* What you will do: Would you transcribe exactly the lines from the one containing "DEXA-JET NRV* es" to the last line of the data below, both ends included, but none of the pictures?

┄┄┄┄┄┄┄┄┄┄┄┄┄┄┄┄┄┄┄┄

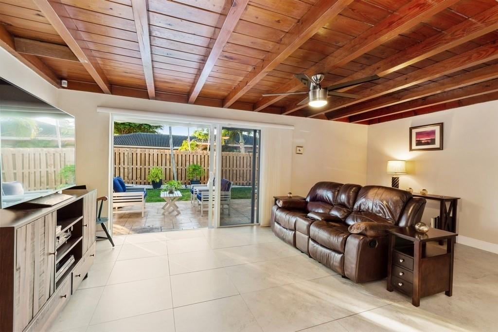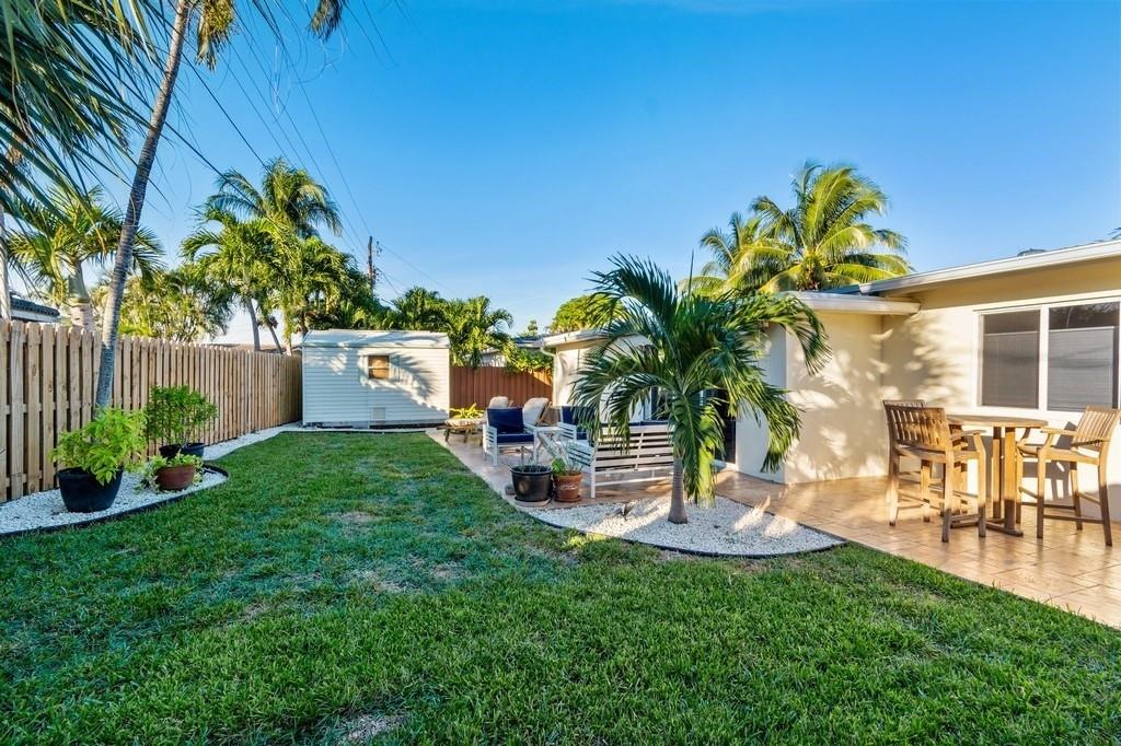 Nicely updated three bedroom, two bath home on tranquil street in popular Poinsettia Heights! Open floor plan includes spacious living and dining area leading to family room with beamed wood ceilings which opens to patio with retractable awning and cute back yard. Updated kitchen features light granite counter tops, white cabinetry and stainless appliances. Split Bedrooms, Impact windows and doors, and Interior Laundry Room with extra storage! 24" Tile Flooring throughout. Exterior features include stamped concrete driveway and patios, fully fenced backyard, fully permitted shed, and low maintenance landscape plan. Ideal location is only minutes away from Downtown Fort Lauderdale, Las Olas Boulevard, Wilton Drive, Fort Lauderdale Beach, Galleria Mall, restaurants, shopping and more!
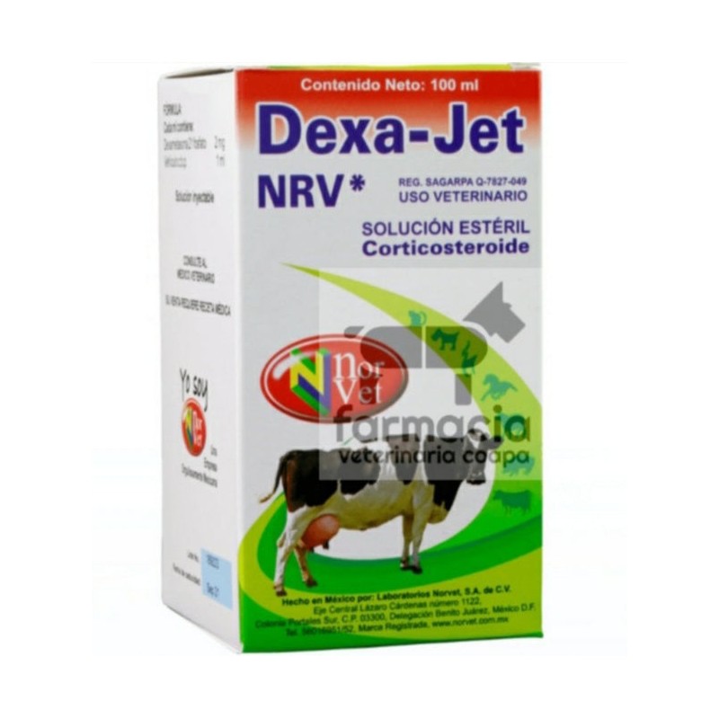 DEXA-JET NRV* es un Corticosteroide Antiinflamatorio y con actividad Glucogénica y Antialérgica, recomendado en casos de Artritis, Tenosinovitis, Bursitis, Rinitis, Dermatitis, Otitis, Paresia Postparto y en Intoxicaciones Alimenticias de los Bovinos, Equinos, Porcinos, Ovinos, Caprinos, Caninos y Felinos.
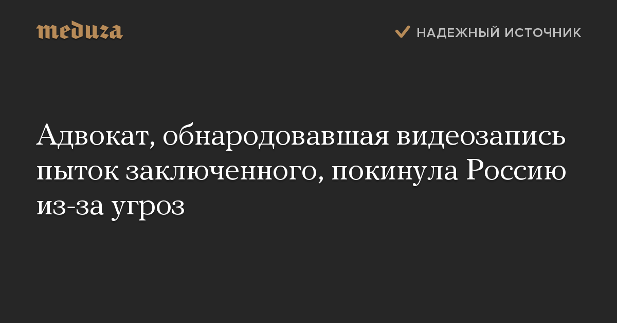 Адвокат, обнародовавшая видеозапись пыток заключенного, покинула Россию из-за угроз
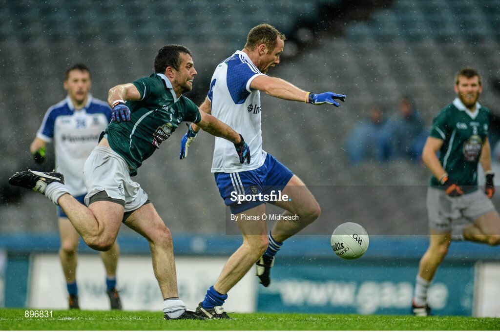 2 August 2014; Vinny Corey, Monaghan, scores his side's first goal, despite the efforts of Padraig O'Neill, Kildare. GAA Football All-Ireland Senior Championship, Round 4B, Kildare v Monaghan, Croke Park, Dublin. Picture credit: Piaras Ó Mídheach / SPORTSFILE
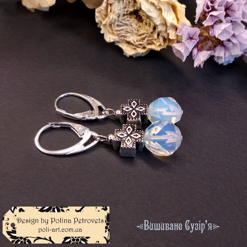 Introduction » За видами подарунків / виробів » Авторські прикраси » Сережки з місячним камінням (місячний кристал) "Вишиване Сузір'я"
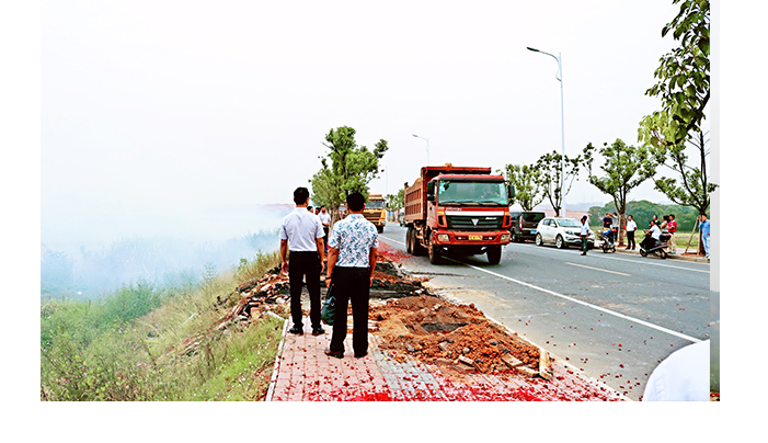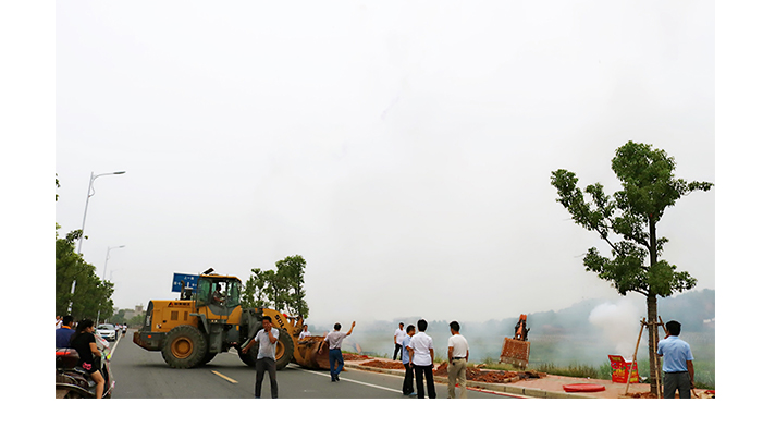 開(kāi)工儀式結(jié)束后,施工工地上鞭炮齊鳴,煙花飛舞,煙霧繚繞,幾臺(tái)大型挖掘機(jī)械在煙霧中,隆隆的馬達(dá)聲,震耳欲聾,場(chǎng)面熱烈而又震撼。
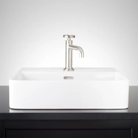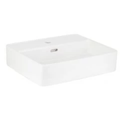 Install this Hibiscus rectangular vessel sink for elegant style and lasting performance. It has a single faucet hole and center drain for functionality, and it’s crafted from fireclay to ensure durability and damage-resistance. It includes an overflow to prevent water from spilling over the sides.

┄┄┄┄┄┄┄┄┄┄┄┄┄┄┄┄┄┄┄┄

* Response below:
 DEXA-JET NRV* es un Corticosteroide Antiinflamatorio y con actividad Glucogénica y Antialérgica, recomendado en casos de Artritis, Tenosinovitis, Bursitis, Rinitis, Dermatitis, Otitis, Paresia Postparto y en Intoxicaciones Alimenticias de los Bovinos, Equinos, Porcinos, Ovinos, Caprinos, Caninos y Felinos.
 Адвокат, обнародовавшая видеозапись пыток заключенного, покинула Россию из-за угроз
 2 August 2014; Vinny Corey, Monaghan, scores his side's first goal, despite the efforts of Padraig O'Neill, Kildare. GAA Football All-Ireland Senior Championship, Round 4B, Kildare v Monaghan, Croke Park, Dublin. Picture credit: Piaras Ó Mídheach / SPORTSFILE
 Introduction » За видами подарунків / виробів » Авторські прикраси » Сережки з місячним камінням (місячний кристал) "Вишиване Сузір'я"
 開(kāi)工儀式結(jié)束后,施工工地上鞭炮齊鳴,煙花飛舞,煙霧繚繞,幾臺(tái)大型挖掘機(jī)械在煙霧中,隆隆的馬達(dá)聲,震耳欲聾,場(chǎng)面熱烈而又震撼。
 Install this Hibiscus rectangular vessel sink for elegant style and lasting performance. It has a single faucet hole and center drain for functionality, and it’s crafted from fireclay to ensure durability and damage-resistance. It includes an overflow to prevent water from spilling over the sides.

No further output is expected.